On this chaotic planet a world government is a must. But in a few paragraphs, Mandelbaum dismisses the most obvious candidate for a world government - the United Nations - calling it a “trade association” of states. “For a genuine global government to come into being, the world’s independent countries would have to cede their sovereign prerogatives to it. This they have never been willing to do,” he says. Another possible model for world government is the European Union, which Mandelbaum calls a “world society.” The continent would have the potential to lead on world issues, if it didn’t practice such a parochial outlook on a shrinking world. Instead, Mandelbaum compares Europe to a “retired” person, full of sage advice, but too weary for actual planning and work.

The US as world government and the EU as world society are hardly selfless, and Mandelbaum is most harsh while criticizing the West for not doing more to battle global poverty. As he puts it, “The most valuable contribution the wealthy countries can make [ to alleviate poverty] is not to donate a tiny fraction of their gross domestic products in the form of aid but rather to open their home markets to the things that poor countries produce.” Ironically, the US and Europe do not perceive poverty as an immediate threat to security, yet neglect is a dangerous strategy, because that breeds hopelessness, ignorance and terrorism.

Mandelbaum’s argument - that a Goliath’s power can be positive - is provocative. From the start, he points out that he regards nations as the players in his book and that no David - or group of Davids - has yet stepped forward to challenge the US as Goliath. Yet the book’s title is troublesome and distracting. Readers can’t help but think of suicide bombers putting themselves in the role of courageous underdog. Mandelbaum’s argument is logical for western readers, but could hardly convince those who detest the US or the order it brings to the world. Political leaders who are ruthless and unjust, have learned that they can blame the US for their many problems, deflecting attention from their own faults. And logic is lost on groups like Al Qaeda, fortified with ideology and intent on terror. International agreement is difficult, and Mandelbaum points out that the most civilized nations of the world scrap international law, as the US did by invading Iraq, when it suits their interests.

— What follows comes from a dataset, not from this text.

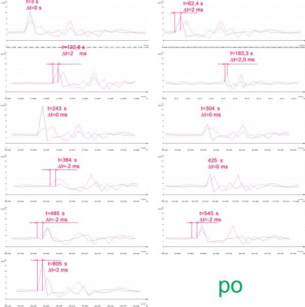 Wyniki testów zostały pokazane na rysunkach 11 i 12. Przed wlutowaniem dobranych rezonatorów przeprowadzono pomiary z rezonatorami, które pierwotnie znalazły się w rejestratorach i nie były dobierane. O tym, że problem został wcześniej całkowicie zignorowany świadczy fakt, że w jednym urządzeniu był kwarc 11,0592 MHz, a w drugim 11,059 MHz. W czasie testu rejestry były połączone ze sobą mechanicznie i rejestrowały bodźce mechaniczne pobudzające oba urządzenia jednocześnie. Po wykonaniu pomiaru trwającego nieco ponad 10 minut program komputerowy odczytał dane z urządzeń i na wszelki wypadek przeprowadził ich synchronizację polegającą na dosunięciu obu wykresów tak, aby pierwsze impulsy zaczynały się dokładnie w tej samej chwili czasowej. Sygnały były próbkowane z częstotliwością 500 Hz, a więc początkowy asynchronizm w najgorszym przypadku mógł być równy 2 ms.

But perhaps Mandelbaum’s subtle goal is to convince the American public of its own worth. The US still has the potential to solve immense problems - making a transition to a new form of energy that will replace oil, addressing environmental problems like climate change, or fighting poverty.

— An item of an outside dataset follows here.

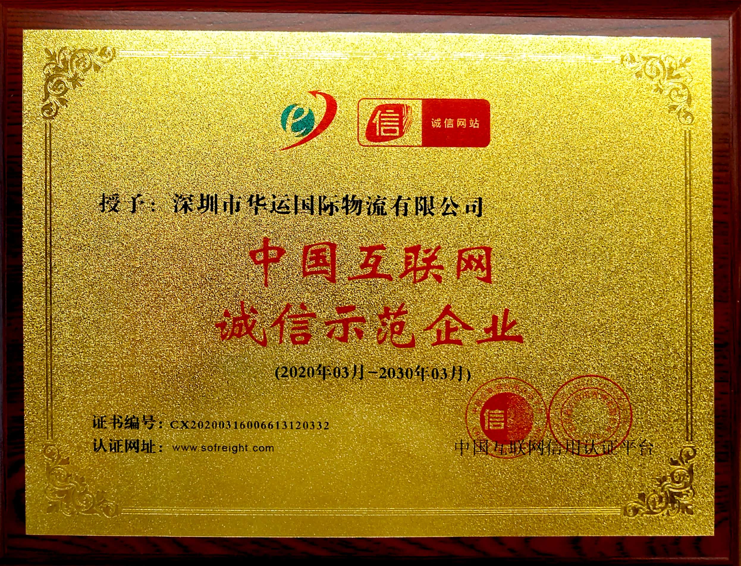 中國互聯(lián)網(wǎng)誠信示范企業(yè)

Goliath has its vulnerable points, and small attacks can fell the giant. Yet Mandelbaum identifies the major threat to the US continuing to serve as world government is its own citizens who will resist paying the tremendous costs. Even if the world was disposed to bestowing any nation with formal global leadership, other countries express no eagerness to replace the US. Mandelbaum bluntly predicts: “They will not pay for it, they will continue to criticize it, and they will miss it when it’s gone.”

So his book ends with nostalgia for the kind of order and prosperity that only empires or superpowers can create. Whether the leader is the US or some emerging power, the world requires leadership at the international level - providing security that truly protects trade and political freedom.

Michael Mandelbaum analyzes the US role as the world's sole superpower, providing global security as a government service.